Starting at the line that contains "Imagine a bustling", copy every line through the end of the records below exactly as written, leaving out pictures.

PROVIDED MATERIAL.
______________________________

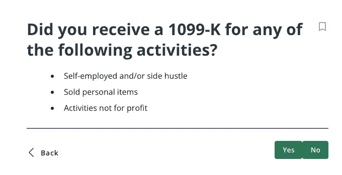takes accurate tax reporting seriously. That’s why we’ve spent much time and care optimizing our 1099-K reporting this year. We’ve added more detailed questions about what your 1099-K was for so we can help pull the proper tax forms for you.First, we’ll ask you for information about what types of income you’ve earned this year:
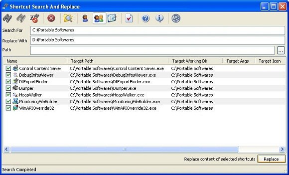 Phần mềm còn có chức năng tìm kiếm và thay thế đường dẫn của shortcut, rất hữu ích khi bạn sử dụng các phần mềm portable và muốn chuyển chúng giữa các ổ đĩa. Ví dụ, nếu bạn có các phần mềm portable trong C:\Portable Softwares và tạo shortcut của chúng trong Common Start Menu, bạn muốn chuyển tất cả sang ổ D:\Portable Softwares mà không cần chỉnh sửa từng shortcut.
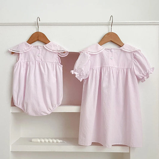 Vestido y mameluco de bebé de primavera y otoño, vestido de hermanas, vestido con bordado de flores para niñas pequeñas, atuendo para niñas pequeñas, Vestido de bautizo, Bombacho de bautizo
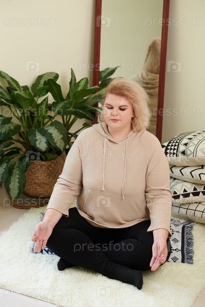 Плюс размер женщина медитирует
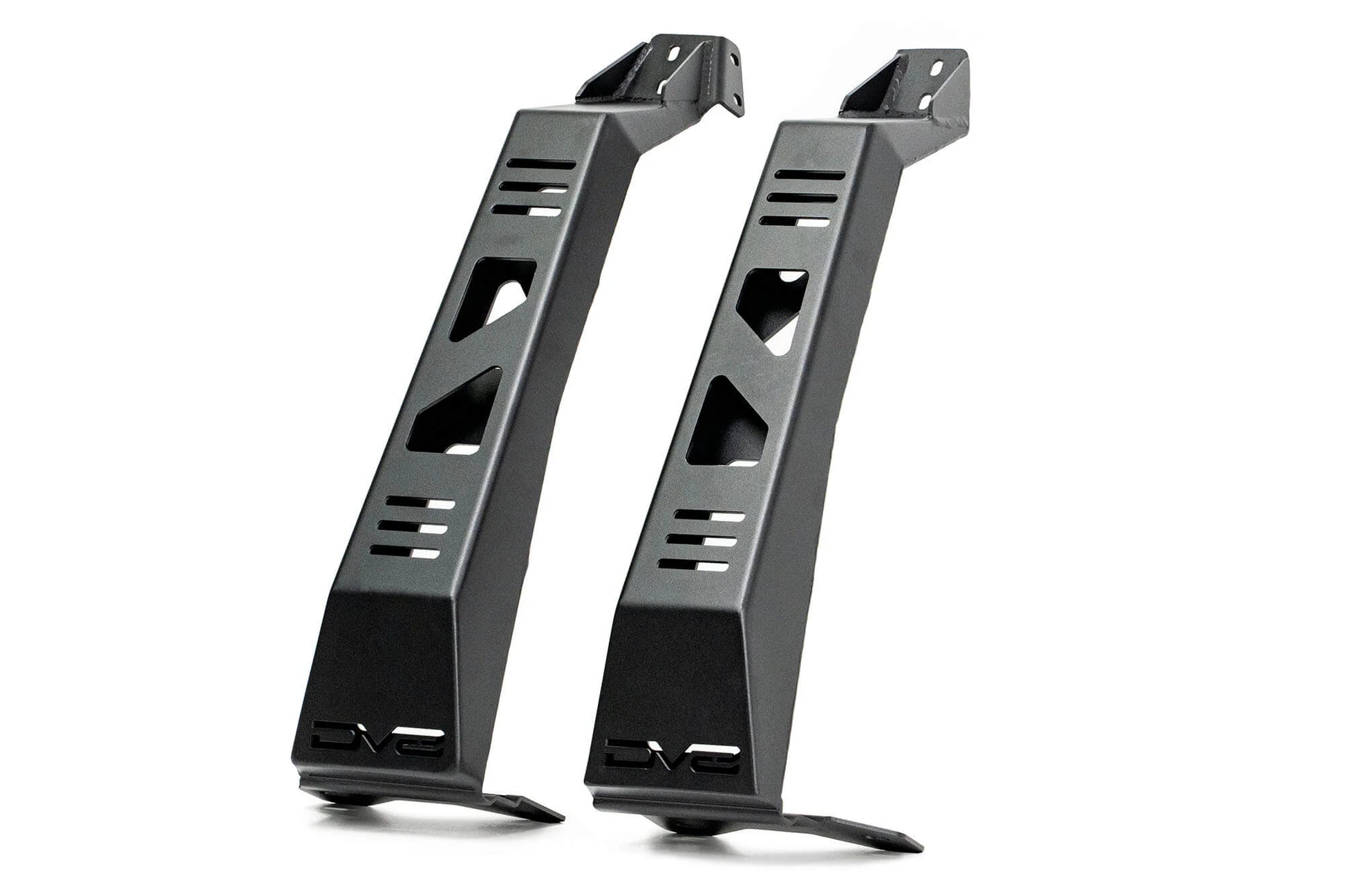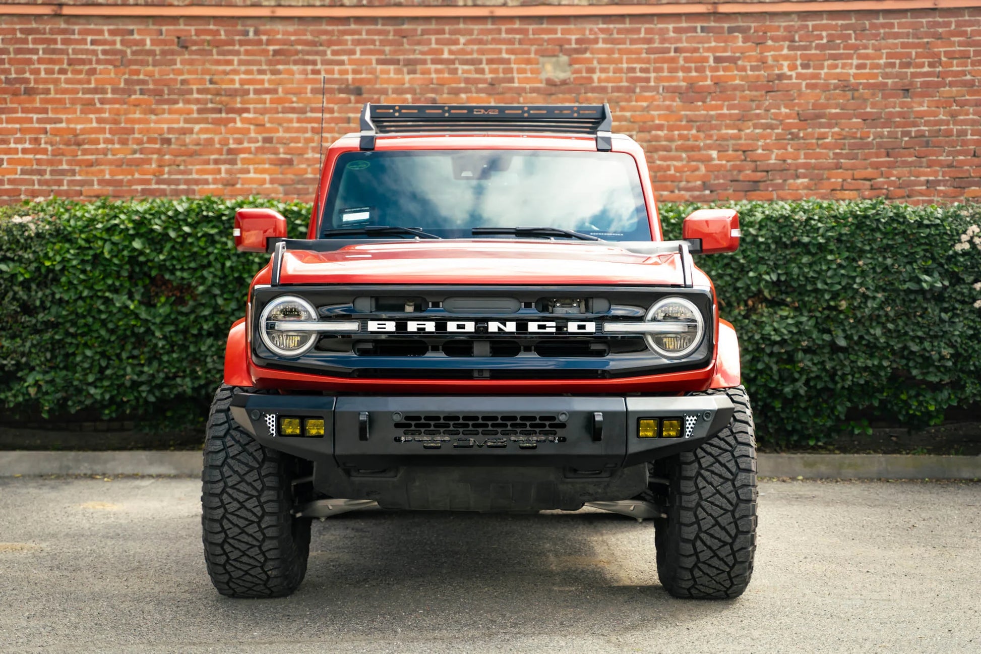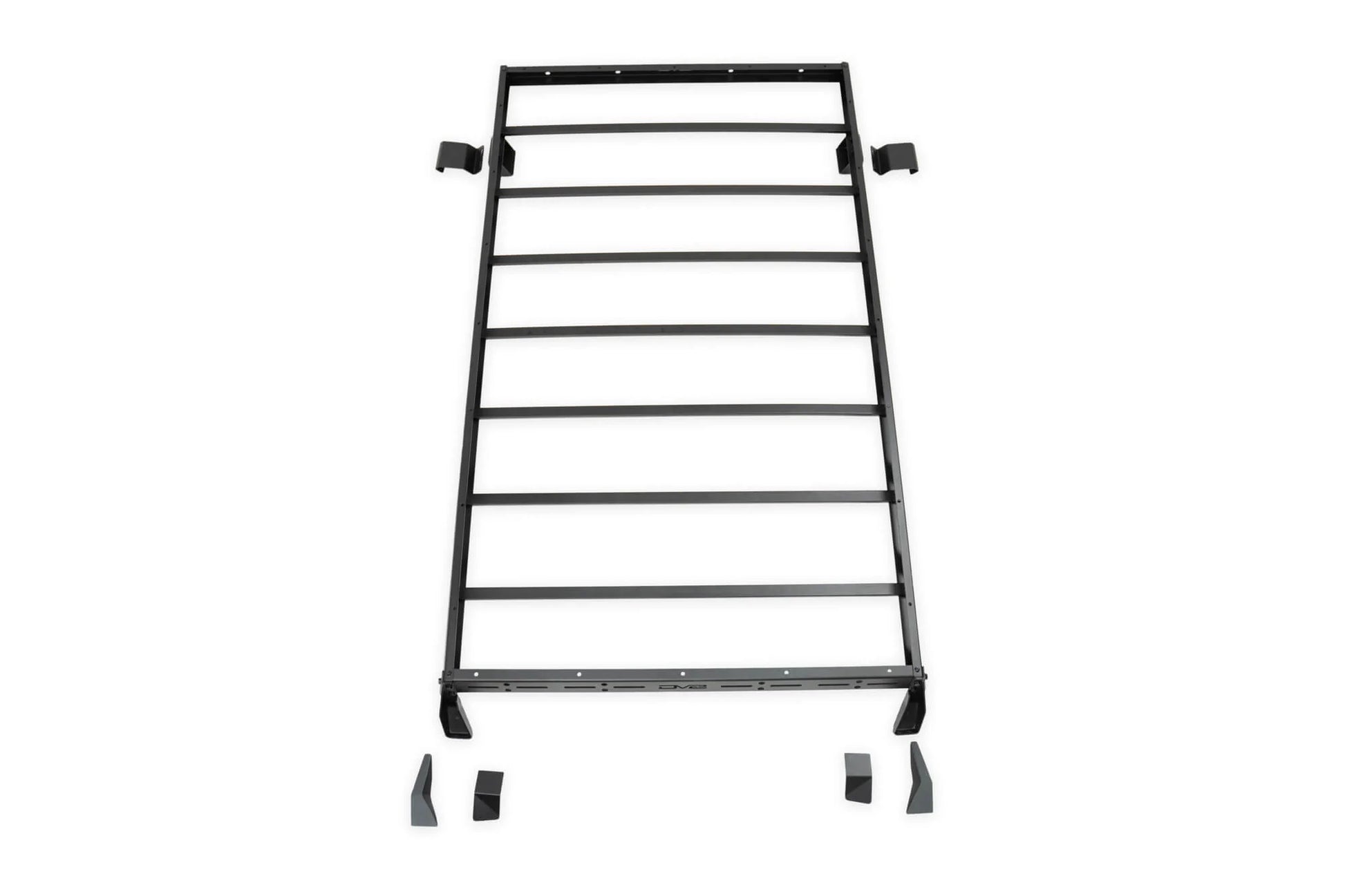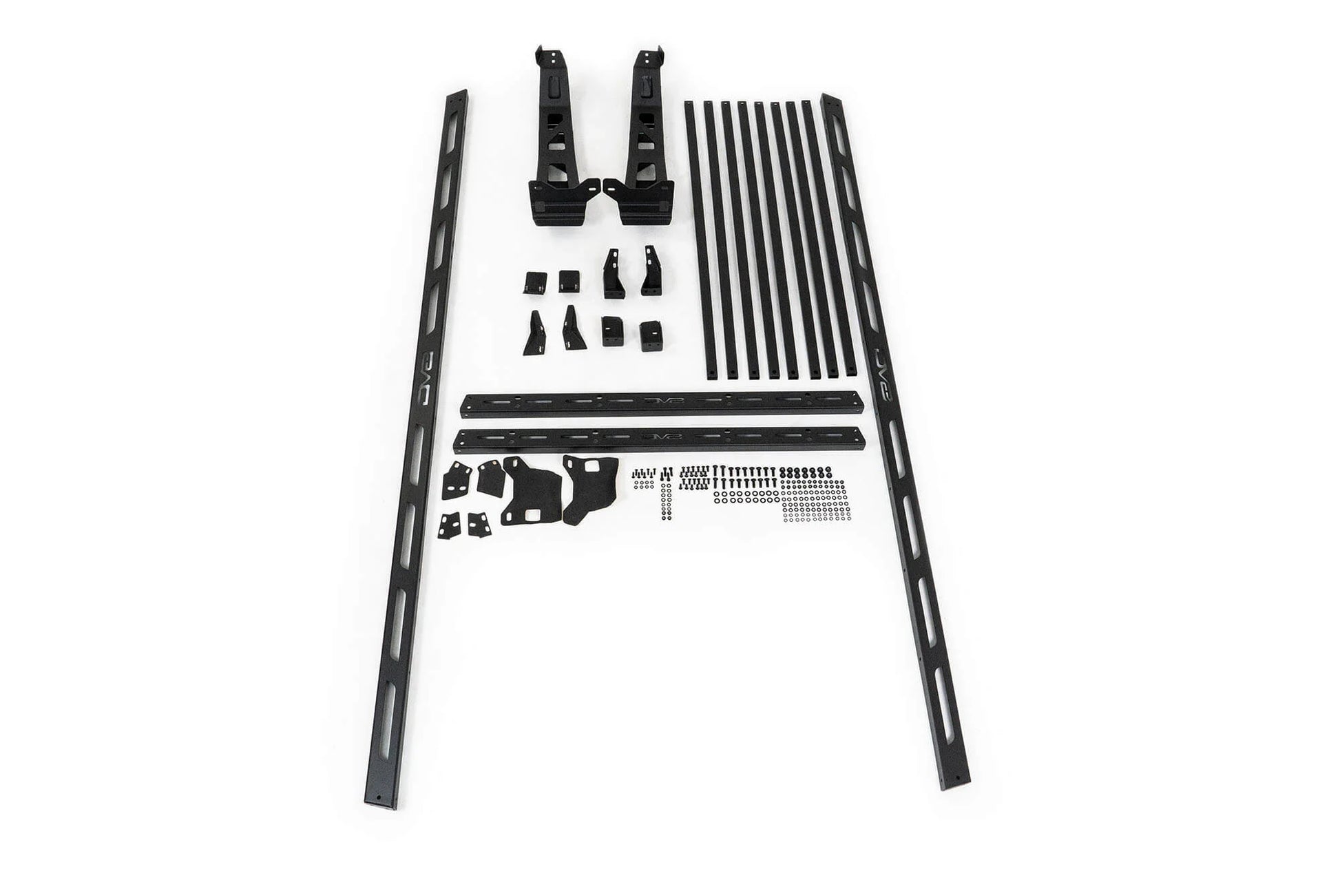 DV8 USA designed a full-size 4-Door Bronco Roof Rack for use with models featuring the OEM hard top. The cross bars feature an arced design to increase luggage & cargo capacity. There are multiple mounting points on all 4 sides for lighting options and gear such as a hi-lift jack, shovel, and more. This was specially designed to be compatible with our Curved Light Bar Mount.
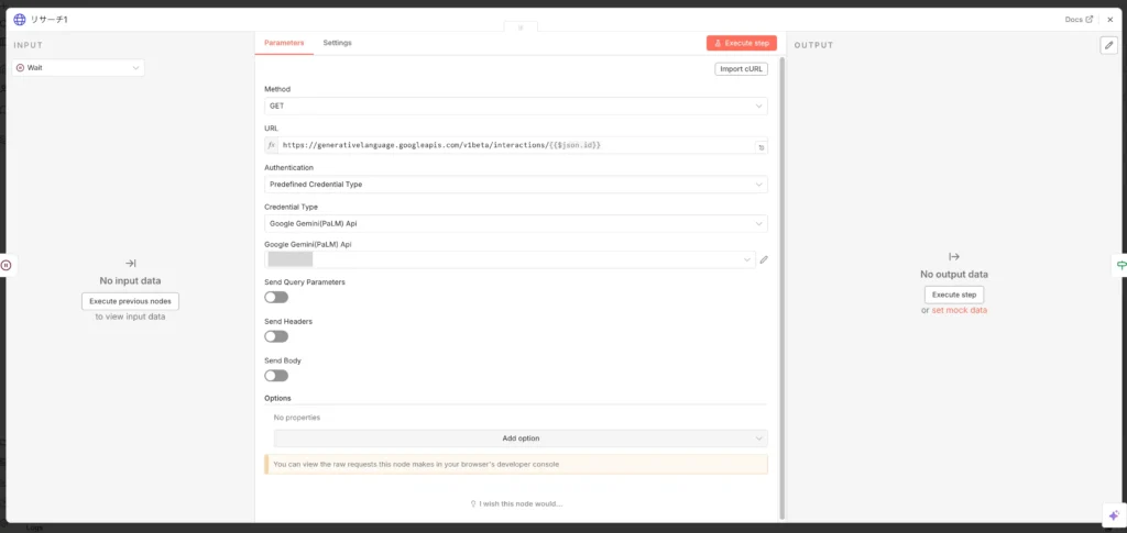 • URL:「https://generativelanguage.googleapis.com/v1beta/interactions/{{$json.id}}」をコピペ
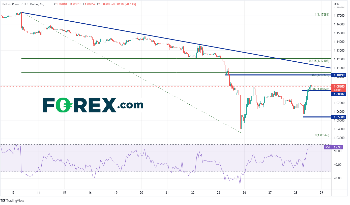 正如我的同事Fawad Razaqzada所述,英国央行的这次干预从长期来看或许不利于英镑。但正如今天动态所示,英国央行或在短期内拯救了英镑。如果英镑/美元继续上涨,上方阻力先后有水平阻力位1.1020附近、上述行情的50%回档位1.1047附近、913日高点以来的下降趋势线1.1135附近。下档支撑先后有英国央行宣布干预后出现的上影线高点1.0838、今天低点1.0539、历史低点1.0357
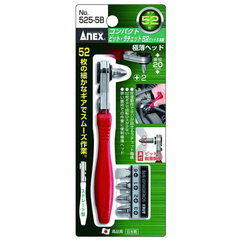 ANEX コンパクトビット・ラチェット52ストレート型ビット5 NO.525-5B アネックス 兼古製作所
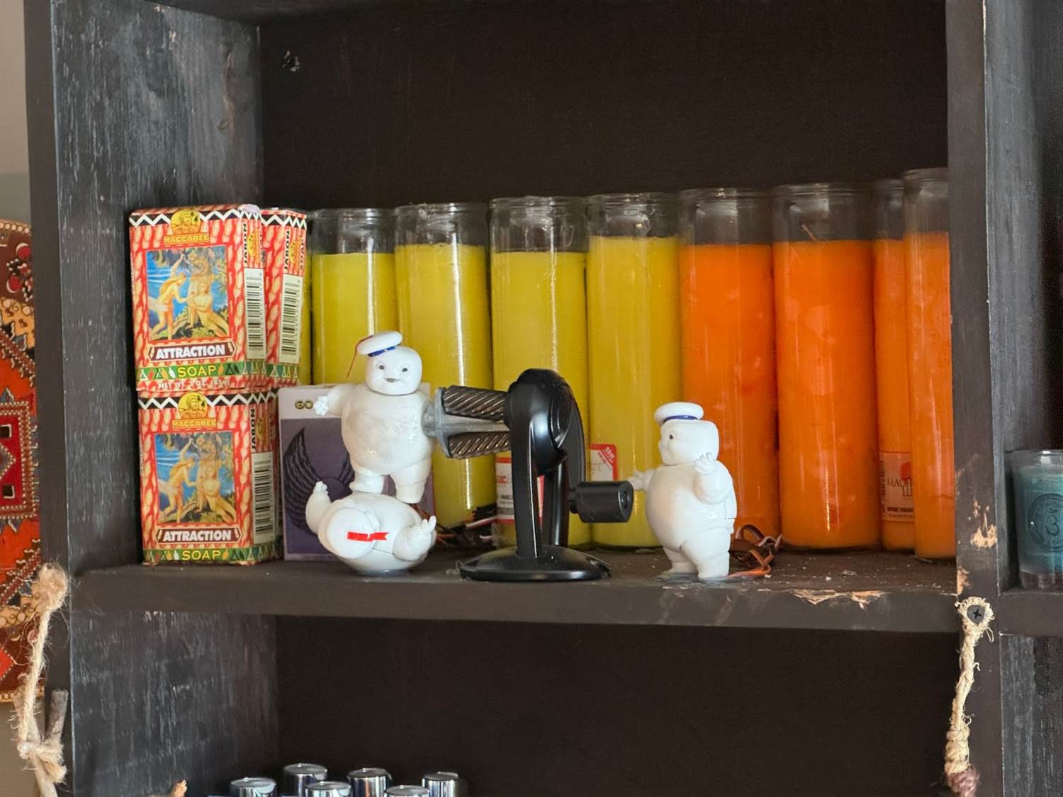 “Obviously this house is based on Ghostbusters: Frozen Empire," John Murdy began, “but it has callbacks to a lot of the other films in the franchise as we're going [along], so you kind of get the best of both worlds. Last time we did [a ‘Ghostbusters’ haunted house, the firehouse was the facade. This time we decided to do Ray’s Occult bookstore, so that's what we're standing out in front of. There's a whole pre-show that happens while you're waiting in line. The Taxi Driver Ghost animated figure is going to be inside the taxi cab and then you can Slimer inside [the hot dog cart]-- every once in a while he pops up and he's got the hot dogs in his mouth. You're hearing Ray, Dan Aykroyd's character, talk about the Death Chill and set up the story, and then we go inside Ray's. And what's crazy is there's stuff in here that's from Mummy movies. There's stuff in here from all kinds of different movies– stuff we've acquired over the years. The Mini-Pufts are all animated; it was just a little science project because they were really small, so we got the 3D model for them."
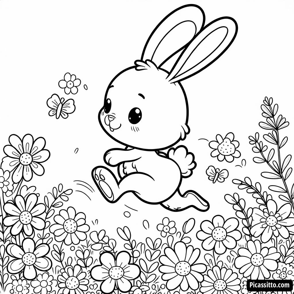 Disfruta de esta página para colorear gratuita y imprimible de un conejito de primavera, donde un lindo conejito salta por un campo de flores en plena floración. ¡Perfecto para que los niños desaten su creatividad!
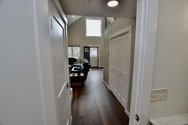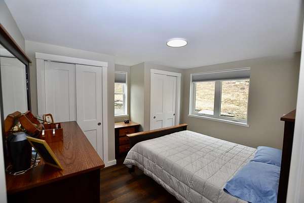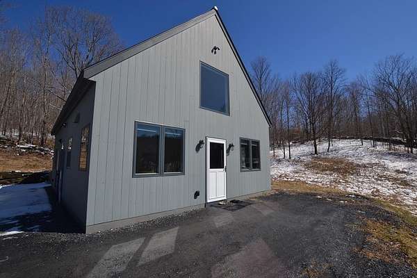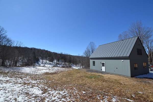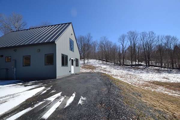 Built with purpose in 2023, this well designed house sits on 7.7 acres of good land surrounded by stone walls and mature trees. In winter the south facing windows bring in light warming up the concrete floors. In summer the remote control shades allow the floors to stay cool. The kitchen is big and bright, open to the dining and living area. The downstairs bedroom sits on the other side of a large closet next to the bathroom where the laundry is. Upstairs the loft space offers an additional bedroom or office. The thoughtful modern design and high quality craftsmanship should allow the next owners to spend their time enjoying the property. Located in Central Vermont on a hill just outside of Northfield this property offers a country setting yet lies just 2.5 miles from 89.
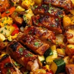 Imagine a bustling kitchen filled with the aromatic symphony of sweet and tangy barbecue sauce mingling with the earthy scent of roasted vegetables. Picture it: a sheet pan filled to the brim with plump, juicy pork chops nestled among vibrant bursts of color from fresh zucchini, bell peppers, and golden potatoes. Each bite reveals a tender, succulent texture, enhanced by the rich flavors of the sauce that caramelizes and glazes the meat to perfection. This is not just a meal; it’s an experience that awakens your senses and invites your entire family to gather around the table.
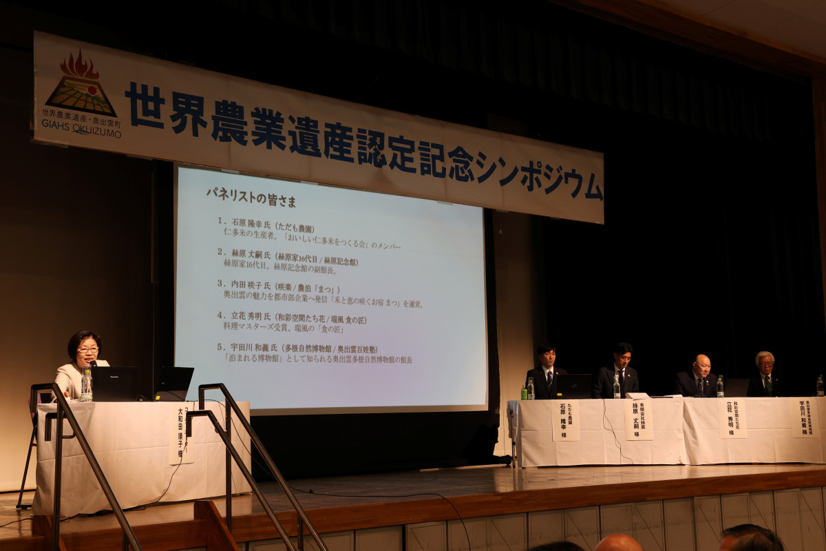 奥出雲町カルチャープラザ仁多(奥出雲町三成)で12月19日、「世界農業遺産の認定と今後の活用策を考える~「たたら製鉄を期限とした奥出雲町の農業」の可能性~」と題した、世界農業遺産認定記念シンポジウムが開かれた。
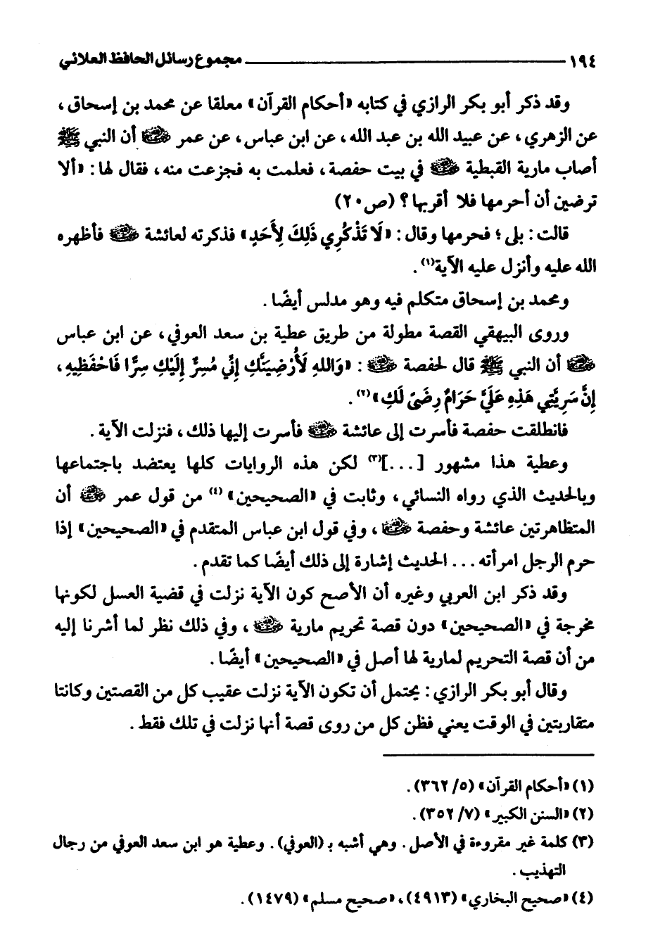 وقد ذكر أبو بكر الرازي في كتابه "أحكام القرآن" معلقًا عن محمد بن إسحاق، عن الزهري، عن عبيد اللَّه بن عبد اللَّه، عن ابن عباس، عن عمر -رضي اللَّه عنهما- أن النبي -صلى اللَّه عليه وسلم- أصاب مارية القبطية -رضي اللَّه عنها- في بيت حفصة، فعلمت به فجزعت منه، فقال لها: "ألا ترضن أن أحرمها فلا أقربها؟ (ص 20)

______________________________

EXERCISE SOLUTION.
 Imagine a bustling kitchen filled with the aromatic symphony of sweet and tangy barbecue sauce mingling with the earthy scent of roasted vegetables. Picture it: a sheet pan filled to the brim with plump, juicy pork chops nestled among vibrant bursts of color from fresh zucchini, bell peppers, and golden potatoes. Each bite reveals a tender, succulent texture, enhanced by the rich flavors of the sauce that caramelizes and glazes the meat to perfection. This is not just a meal; it’s an experience that awakens your senses and invites your entire family to gather around the table.
 奥出雲町カルチャープラザ仁多(奥出雲町三成)で12月19日、「世界農業遺産の認定と今後の活用策を考える~「たたら製鉄を期限とした奥出雲町の農業」の可能性~」と題した、世界農業遺産認定記念シンポジウムが開かれた。
 وقد ذكر أبو بكر الرازي في كتابه "أحكام القرآن" معلقًا عن محمد بن إسحاق، عن الزهري، عن عبيد اللَّه بن عبد اللَّه، عن ابن عباس، عن عمر -رضي اللَّه عنهما- أن النبي -صلى اللَّه عليه وسلم- أصاب مارية القبطية -رضي اللَّه عنها- في بيت حفصة، فعلمت به فجزعت منه، فقال لها: "ألا ترضن أن أحرمها فلا أقربها؟ (ص 20)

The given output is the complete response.